Extracted data.
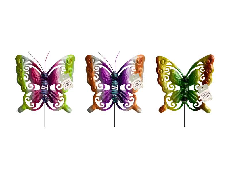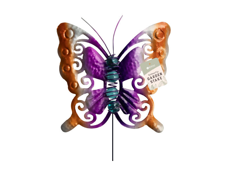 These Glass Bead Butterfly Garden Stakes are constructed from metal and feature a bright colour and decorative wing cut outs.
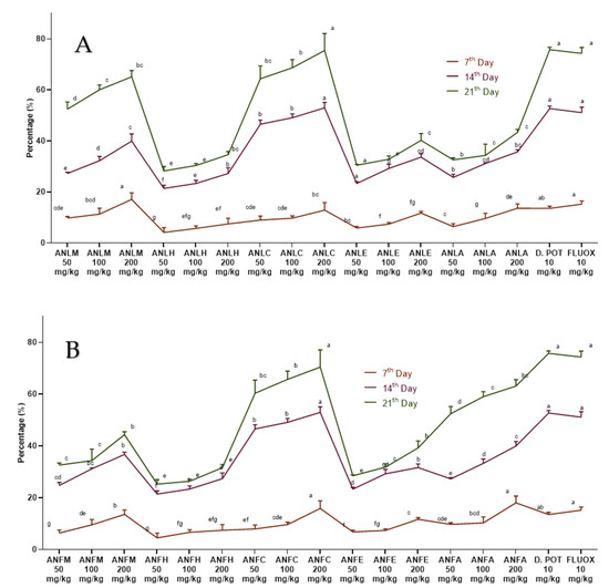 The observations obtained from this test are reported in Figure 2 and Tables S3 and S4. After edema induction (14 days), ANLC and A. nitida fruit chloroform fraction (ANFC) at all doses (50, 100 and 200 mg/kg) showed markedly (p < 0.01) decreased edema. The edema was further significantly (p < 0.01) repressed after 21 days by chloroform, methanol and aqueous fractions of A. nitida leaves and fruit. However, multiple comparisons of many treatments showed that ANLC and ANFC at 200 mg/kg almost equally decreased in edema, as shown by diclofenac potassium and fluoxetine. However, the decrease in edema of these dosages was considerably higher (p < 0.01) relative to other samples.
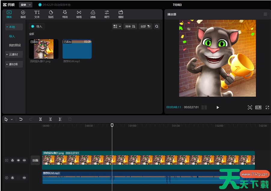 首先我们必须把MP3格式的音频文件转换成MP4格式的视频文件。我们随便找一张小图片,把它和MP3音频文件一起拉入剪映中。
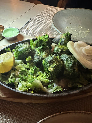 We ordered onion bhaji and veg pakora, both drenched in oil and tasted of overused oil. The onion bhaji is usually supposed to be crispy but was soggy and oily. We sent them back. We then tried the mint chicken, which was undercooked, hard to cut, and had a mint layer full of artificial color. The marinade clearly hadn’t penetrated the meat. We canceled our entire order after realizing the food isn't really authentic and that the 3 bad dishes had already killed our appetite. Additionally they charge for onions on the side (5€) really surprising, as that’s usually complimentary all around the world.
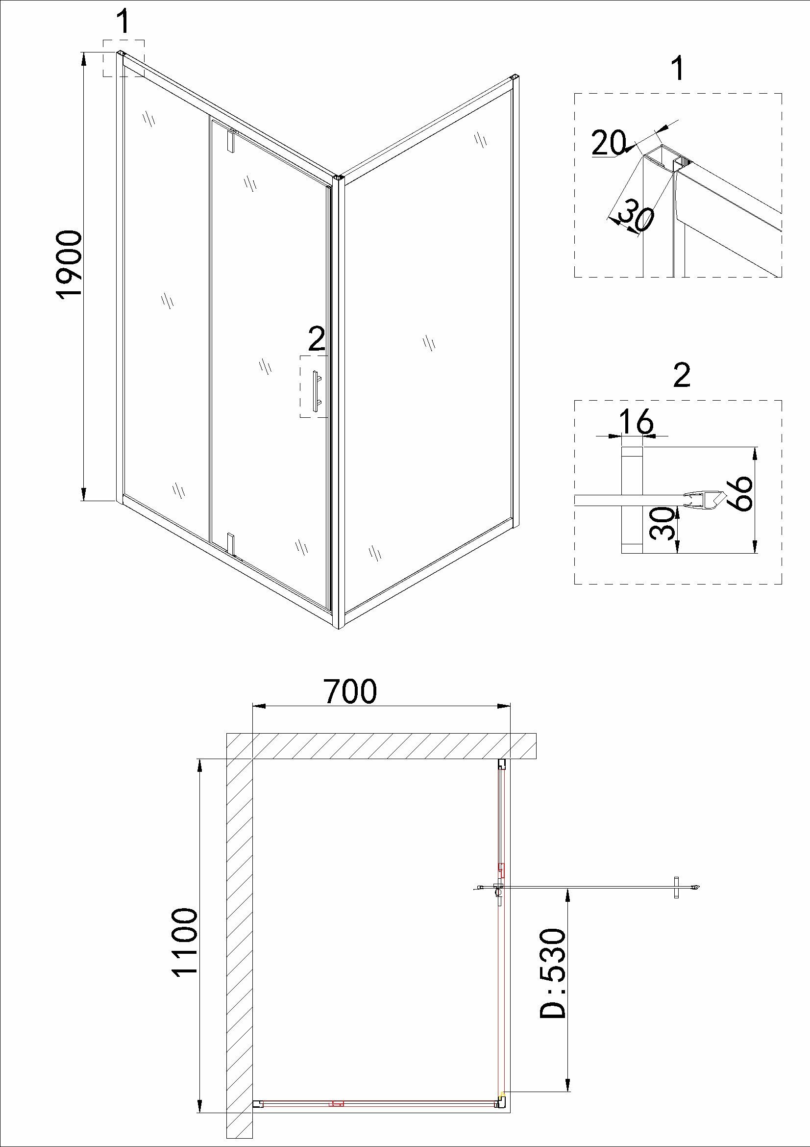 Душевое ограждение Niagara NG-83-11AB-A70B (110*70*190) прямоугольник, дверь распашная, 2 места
==
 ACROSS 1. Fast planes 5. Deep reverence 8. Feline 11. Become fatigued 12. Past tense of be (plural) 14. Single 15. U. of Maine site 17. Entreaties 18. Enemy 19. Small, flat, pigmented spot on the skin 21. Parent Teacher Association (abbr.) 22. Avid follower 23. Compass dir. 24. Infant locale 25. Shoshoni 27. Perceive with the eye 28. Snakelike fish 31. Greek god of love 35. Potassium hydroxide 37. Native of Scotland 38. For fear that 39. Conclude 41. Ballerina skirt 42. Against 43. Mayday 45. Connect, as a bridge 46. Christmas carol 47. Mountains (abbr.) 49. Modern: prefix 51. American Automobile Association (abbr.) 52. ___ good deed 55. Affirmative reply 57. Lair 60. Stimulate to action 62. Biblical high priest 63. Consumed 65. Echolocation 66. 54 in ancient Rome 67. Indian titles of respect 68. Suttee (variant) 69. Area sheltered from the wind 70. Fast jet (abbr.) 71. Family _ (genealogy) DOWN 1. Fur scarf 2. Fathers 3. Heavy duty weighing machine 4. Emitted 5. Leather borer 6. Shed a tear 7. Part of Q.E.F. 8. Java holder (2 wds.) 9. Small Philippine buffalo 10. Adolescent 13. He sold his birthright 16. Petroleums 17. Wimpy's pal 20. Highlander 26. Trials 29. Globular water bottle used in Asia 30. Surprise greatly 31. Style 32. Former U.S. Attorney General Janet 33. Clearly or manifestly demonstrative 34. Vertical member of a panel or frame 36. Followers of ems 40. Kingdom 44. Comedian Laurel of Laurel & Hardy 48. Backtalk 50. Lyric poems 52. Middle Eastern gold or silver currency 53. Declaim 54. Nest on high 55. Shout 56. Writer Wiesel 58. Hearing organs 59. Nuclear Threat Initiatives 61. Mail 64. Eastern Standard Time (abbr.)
==
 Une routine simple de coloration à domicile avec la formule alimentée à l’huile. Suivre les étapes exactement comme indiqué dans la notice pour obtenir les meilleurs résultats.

Your task.
Extract the part of the records that opens with the line containing "These Glass Bead" and closes with the line containing "The observations obtained". Take only those lines, exactly, and no pictures.

Answer for the task.
 These Glass Bead Butterfly Garden Stakes are constructed from metal and feature a bright colour and decorative wing cut outs.
 The observations obtained from this test are reported in Figure 2 and Tables S3 and S4. After edema induction (14 days), ANLC and A. nitida fruit chloroform fraction (ANFC) at all doses (50, 100 and 200 mg/kg) showed markedly (p < 0.01) decreased edema. The edema was further significantly (p < 0.01) repressed after 21 days by chloroform, methanol and aqueous fractions of A. nitida leaves and fruit. However, multiple comparisons of many treatments showed that ANLC and ANFC at 200 mg/kg almost equally decreased in edema, as shown by diclofenac potassium and fluoxetine. However, the decrease in edema of these dosages was considerably higher (p < 0.01) relative to other samples.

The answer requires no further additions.